渡辺:僕たちは「Tokyo City Pass」に協力してもらうために、都内の観光施設様に提案に行ったりしていました。
孔:やっぱり、マーケティング戦略まで含めて緊密に話し合うことができるのは、資本提携しているからこそなんでしょう。
渡辺:リンクティビティのオフィスに僕の席も用意してもらっていますしね。やっぱり、設立間もない会社はリソースが限られていますから、資本を入れてさせもらって、体制を強化したうえで一緒に開発したほうが、お互いにとっていいと思うんです。
孔:そうですね。実際に社内体制を倍近くに強化しました。そのような資金面のメリットはもちろんありますし、会社の信用力が向上するのも大きいです。今、日本国外の鉄道観光も開拓してるんですが、たとえば韓国の鉄道会社に東京メトロと資本関係があることを伝えると、すごく信用してもらえる。日本の鉄道サービスは世界的に有名なんです。
渡辺:東アジアを開拓しているんですよね。昨年は韓国に支社も設立して。
孔:はい。今は開拓を進めながら日本で成功事例がつくっているところで、そこからグローバルに広げていきたいと考えていますね。

深くつながるパートナーシップから可能性が生まれる
渡辺:東京メトロも、鉄道を核にしつつ、さまざまな事業展開を図ろうとしています。そのときに必要になるのが、まさにリンクティビティのようなプラットフォームなんです。そういうことができる会社は世の中にまだ少ないですよね。

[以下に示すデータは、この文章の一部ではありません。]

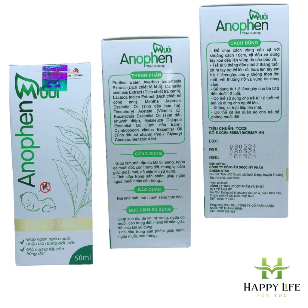 Giới thiệu Xịt chống muỗi cho bé, xịt đuổi muỗi thảo dược Muỗi Anophen 50ml, giảm sưng ngứa - Happy Life 4U
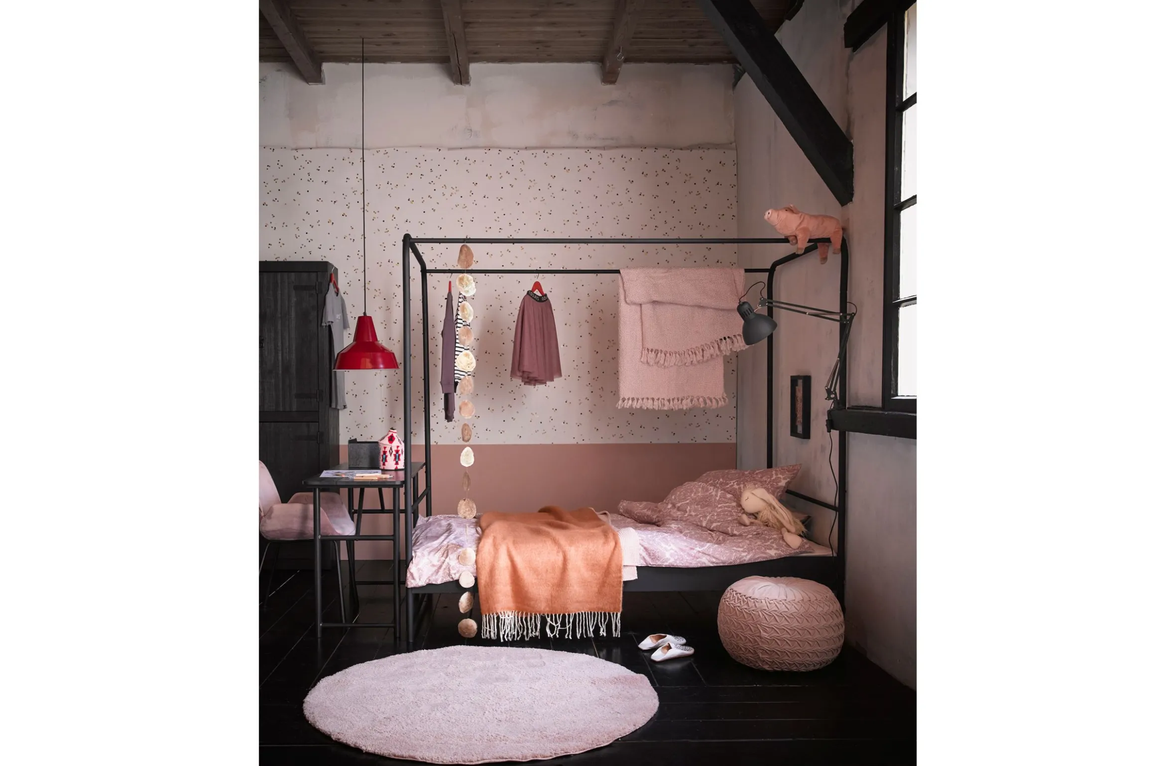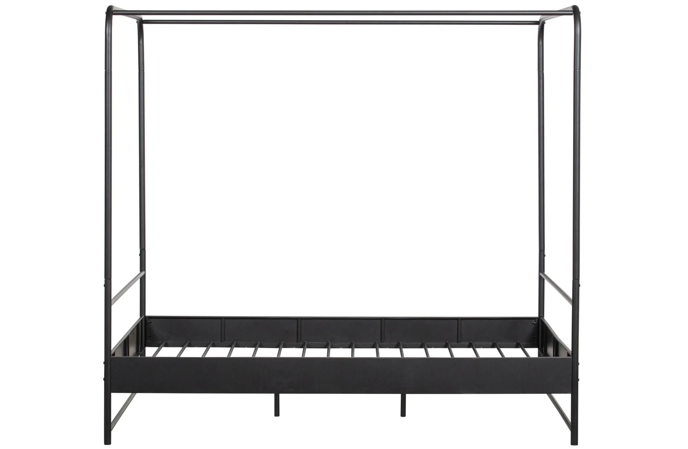 Das Metallbett Koje stellt die moderne Variante eines Himmelbettes dar, ganz schlicht und puristisch. Mit der passenden Dekoidee können Sie Ihrem Schlafzimmer aber ganz schnell einen persönlichen Touch verleihen und das Bett individuell gestalten. Das Bett ist aus pulverbeschichtetem Metall und hat einen Stahllattenrost. Das Gestell ist abgerundet, was dem Look etwas verspieltes gibt. Die Schlichtheit des Designs des Bettes sorgt für einen vielseitig kombinierbaren Stil.

孔:そうかもしれませんね。私たちは一般のシステム会社とはちょっと違っていて、開発費をいただくのではなく、東京メトロのようなサプライヤーとともにコンテンツをつくり、一緒に販売を増やしていくという考え方です。目的が一緒だから楽しく仕事できる(笑)。
渡辺:国内外のサプライヤー、旅行会社、旅行者をシームレスに結ぶことがそもそもの起業の理由だとおっしゃっていましたよね。
孔:そうですね。とくに日本の場合はサプライヤーごとにスタンドアローンのシステムをつくるケースが多いんです。国内だけなら便利なんですが、訪日外国人にとってはわかりづらい面もあります。私が海外旅行をするときに感じることでもありますが、やっぱり利便性が高くなければ、何度も訪れようとは思いませんよね。
渡辺:日本の場合は交通系ICカードがここまで普及しているから、制約も多いですし。
孔:そうですね。そこに私たちのようなプラットフォームが入れば、それらがつながって利便性が上がりますし、旅行業界全体の効率化にもつながると思うんですよ。実は旅行業界はまだまだシステム化が進んでいなくて、交通の課題を解決することがその突破口になると思っているんです。
渡辺:この資本業務提携がその第一歩になるといいんですが。
孔:鉄道というのは圧倒的に強い商品で、プラットフォームに入れば販売チャネルも増加します。卵が先か鶏が先かみたいな話ではありますが(笑)。その意味でビジネスとしても鉄道との連携は重要ですし、旅行業界にとっても移動手段として鉄道はやっぱり重要ですから、提携は自然な流れだと思いますね。
渡辺:僕たちとしても、孔さんが考えているようなビジョンの実現に、この資本関係を生かしてほしいと思っているんです。新たな取り組みを行う場として、ぜひ東京メトロというフィールドを使ってもらって。僕らもDXを推進するために助けてもらえますし、逆に東京メトロとの協業で生まれた新事業を他社に展開できるかもしれませんし。
孔:なんといっても、毎日650万人ものお客様が利用している路線ですからね。新しいサービスをぜひ生み出していきたいと思います。
渡辺:「Tokyo City Pass」のあとも、QRコードを利用した乗車サービスなど、いろいろと仕込んでいますからね。
孔:私たちが蓄積してきた観光のデータも活用していきたいですね。資本関係があると、いろいろな物事がスピーディーに進められます。リンクティビティと東京メトロはもともとは取引先。でも、今こうして一緒に話している感覚は「仲間」。まさにパートナーですね。